Further, by minimizing the deviation of the image forming position on the BD sensor, the size of the BD lens can be reduced to the minimum size, so that cost reduction can be expected.

[0070]

Since the present invention is configured as described above, it has the following effects.

BD for obtaining reference signal for image writing
By adjusting the mounting position of the unit in advance so that the scanning light serving as the reference signal is incident on the center of the effective detection unit such as a BD sensor, the compatibility of the scanner unit including the rotary polygon mirror and the imaging lens system is adjusted. It is possible to cope with downsizing and speeding up of the image forming apparatus while maintaining the above. Further, since the imaging position shift on the BD sensor is reduced, the size of the BD lens can be reduced, which can contribute to cost reduction and the like.
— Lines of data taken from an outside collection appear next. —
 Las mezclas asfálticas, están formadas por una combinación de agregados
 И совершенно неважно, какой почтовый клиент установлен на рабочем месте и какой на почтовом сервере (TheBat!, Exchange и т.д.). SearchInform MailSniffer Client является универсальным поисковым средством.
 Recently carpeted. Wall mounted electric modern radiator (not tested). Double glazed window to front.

[Brief description of the drawings]

FIG. 1 is a partial plan view showing a main part of an image forming apparatus according to an embodiment.
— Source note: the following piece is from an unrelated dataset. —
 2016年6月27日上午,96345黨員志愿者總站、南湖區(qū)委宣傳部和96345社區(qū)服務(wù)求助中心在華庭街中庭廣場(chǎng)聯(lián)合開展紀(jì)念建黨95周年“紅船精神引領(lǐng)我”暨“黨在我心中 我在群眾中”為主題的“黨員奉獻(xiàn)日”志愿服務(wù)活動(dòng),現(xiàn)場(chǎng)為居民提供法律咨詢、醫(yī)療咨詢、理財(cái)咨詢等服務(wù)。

2 is a partial cross-sectional side view showing a portion of the apparatus of FIG. 1 in cross section.

FIG. 3 is an elevational view showing only a BD unit of the apparatus of FIG. 1;

FIG. 4 is a plan view showing the BD unit of FIG. 3;

FIG. 5 is a diagram illustrating a change in an optical path of scanning light due to an angle shift of a reflection mirror.
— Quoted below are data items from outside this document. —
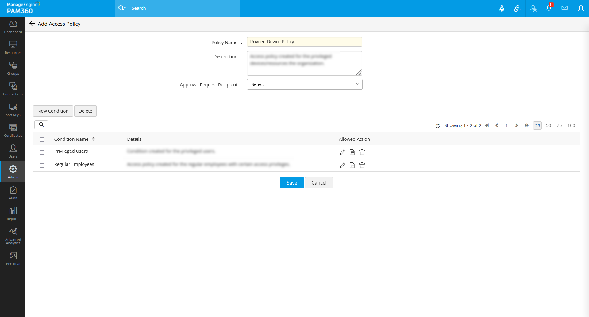 - 管理者ロールでは、アクセスポリシーでのコンフリクトの作成、管理および解決、アクセスポリシーの承認および他の管理者が作成したアクセスポリシーの表示ができます。
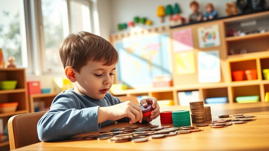 To teach your toddler about money, start with simple money games that make learning fun. Use piggy bank strategies to help them understand saving and spending. Encourage them to sort coins, count small amounts, or pretend to buy toys, making money concepts relatable. Keep lessons short and engaging, praising their efforts. This hands-on approach helps your toddler develop basic money skills while having fun and building confidence.
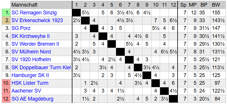 HSK 2 steckt in diesem Jahr nach unglücklichem Saisonverlauf voll im Abstiegskampf und musste in diesem Wettkampf wieder auf viele Spieler verzichten. Nur zwei der ersten acht Spieler konnten aufgeboten werden und durch die Verlegungen in der 1. Bundesliga sind Konstantin Peyrer und Thies Heinemann auch schon in HSK 1 festgespielt.

FIG. 6 is a schematic diagram illustrating an image forming apparatus according to a conventional example.

FIG. 7 is a schematic plan view showing the light deflection scanning device of FIG.

[Explanation of symbols]

 Reference Signs List 1 semiconductor laser 3 rotating polygon mirror 3a motor 4 imaging lens system 5a to 5c reflection mirror 6 BD mirror 7 BD lens 8 BD sensor 9 slit plate 9a slit 10 optical box 11 BD unit 11a unit housing 12 support plate 20 lid member 30 stay 31 body side plate 31a emboss 32 screw 40 rotating drum

Claims (8)

[Claims] A scanning optical system having a rotary polygon mirror for deflecting and scanning a light beam to convert it into scanning light, and an image forming means for forming an image of the scanning light on a photosensitive member; Detecting means for detecting as a reference signal; a housing supporting the scanning optical system and the detecting means; and the housing such that the part of the scanning light is made incident on a center of a detection effective portion of the detecting means. An image forming apparatus having an attachment position adjusting unit for adjusting an attachment position of the detection unit with respect to the image forming apparatus. 2. The apparatus according to claim 1, wherein said mounting position adjusting means is configured to be able to move said detecting means within a range wider than an incident deviation tolerance of a part of the scanning light with respect to the detecting means. Image forming apparatus. 3. A mounting position where the part of the scanning light is incident on the center of a detection effective portion of the detecting means by measuring an incident time during which a part of the scanning light is incident on the detecting means. The image forming apparatus according to claim 1, wherein: 4. An image forming apparatus according to claim 1, wherein said detecting means has a sensor for receiving a part of the scanning light and a slit. 5. An image forming apparatus according to claim 4, wherein said detecting means has a condensing lens for condensing a part of the scanning light. 6. The image forming apparatus according to claim 5, wherein the detection means has a unit housing that unitizes the sensor, the slit, and the condenser lens. 7. An optical box for accommodating at least a part of the rotary polygon mirror and the scanning optical system, wherein a detecting means is provided outside the optical box.
7. The image forming apparatus according to any one of claims 6 to 6. 8. The image forming apparatus according to claim 1, wherein the image forming means has a plurality of reflection mirrors for turning back the scanning light.